L’histoire nous entraîne, à travers le regard de trois personnages noirs, sur les traces d’une relique datant de la Guerre d’Indépendance de 1775 : le tout premier drapeau des  États-Unis d’Amérique ! Un drapeau qui recèle un secret si symbolique qu’il pourrait bien changer les choses dans un pays encore en proie à la ségrégation raciale en 1944. En effet, dès le prologue, le lecteur est plongé dans une ambiance angoissante et délétère. Le débarquement du 6 juin 1944 est proche, mais les Noirs sont cantonnés aux bases arrières, où ils récurent les latrines ou restent inoccupés. Mais Lincoln, jeune soldat idéaliste, rêve de gloire, de servir son pays, et de prouver à tous que la couleur de la peau d’un homme ne définit pas sa valeur. Grâce à sa soeur Johanna, qui découvre la vérité sur le drapeau et en fait part à ses contacts, il réussit à intégrer la MFAA, dont les membres sont surnommés les « Monuments Men », afin de retrouver la précieuse relique.

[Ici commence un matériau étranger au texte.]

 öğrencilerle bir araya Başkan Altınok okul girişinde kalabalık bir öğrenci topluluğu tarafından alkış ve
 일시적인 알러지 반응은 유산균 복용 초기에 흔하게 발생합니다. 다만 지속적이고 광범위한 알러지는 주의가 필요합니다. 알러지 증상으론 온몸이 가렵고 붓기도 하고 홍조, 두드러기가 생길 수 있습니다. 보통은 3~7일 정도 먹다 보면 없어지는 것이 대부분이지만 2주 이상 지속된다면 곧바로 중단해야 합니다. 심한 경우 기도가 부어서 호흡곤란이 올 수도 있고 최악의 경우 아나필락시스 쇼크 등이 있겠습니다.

Le récit alterne les points de vues avec pertinence et met le lecteur face à toutes sortes d’émotions : l’horreur, l’injustice, la tristesse mais aussi l’espoir, la fierté et la camaraderie. Par ailleurs, le duo aborde un thème d’ordinaire très sensible : le racisme. Mais si l’on doit reconnaître une chose à cette oeuvre, c’est sa pertinence sur ce point. Les faits exposés sont crédibles et témoignent d’un fossé qui n’a cessé de se creuser depuis l’époque d’Angela Brown. C’est particulièrement flagrant dans une scène de bar, lorsqu’un officier blanc tente de participer à une conversation en rebondissant sur un blague : son intervention est très mal perçue, alors même qu’il ne pensait pas nécessairement à mal. La faute à l’éducation ? Un racisme ordinaire ? Toujours est-il qu’une barrière infranchissable s’est progressivement établie entre les deux communautés, et qu’elle semble toujours infranchissable, même en 1944. Il n’existe qu’un endroit où tout cela n’a plus d’importance : le front. Sous le feu de l’ennemi, face à la mort, tous les hommes sont égaux et doivent se serrer les coudes pour avancer et survivre.

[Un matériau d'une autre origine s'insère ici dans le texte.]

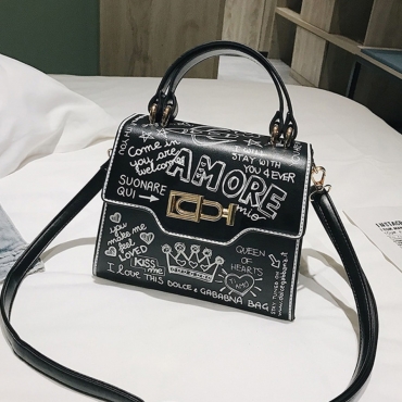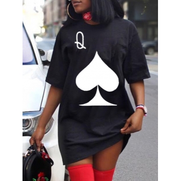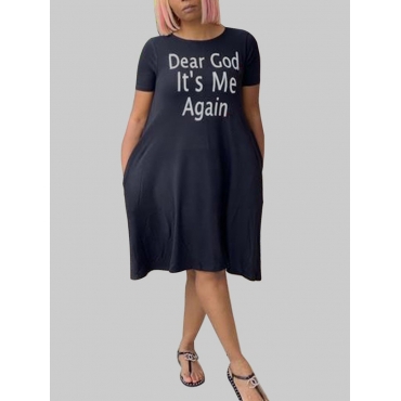 Lovely Casual O Neck Letter Print Black Knee Length Plus Size Dress

En bref, un récit poignant, sans fioriture, qui nous livre une histoire dure, tragique, mais aussi pleine d’héroïsme et de patriotisme. Les personnages sont touchants, terriblement humains, avec leurs qualités et leurs défauts. Le mystère et la quête des protagonistes m’a tenu en haleine tout au long des 170 pages. Une magnifique histoire dont on ne ressort pas indemne.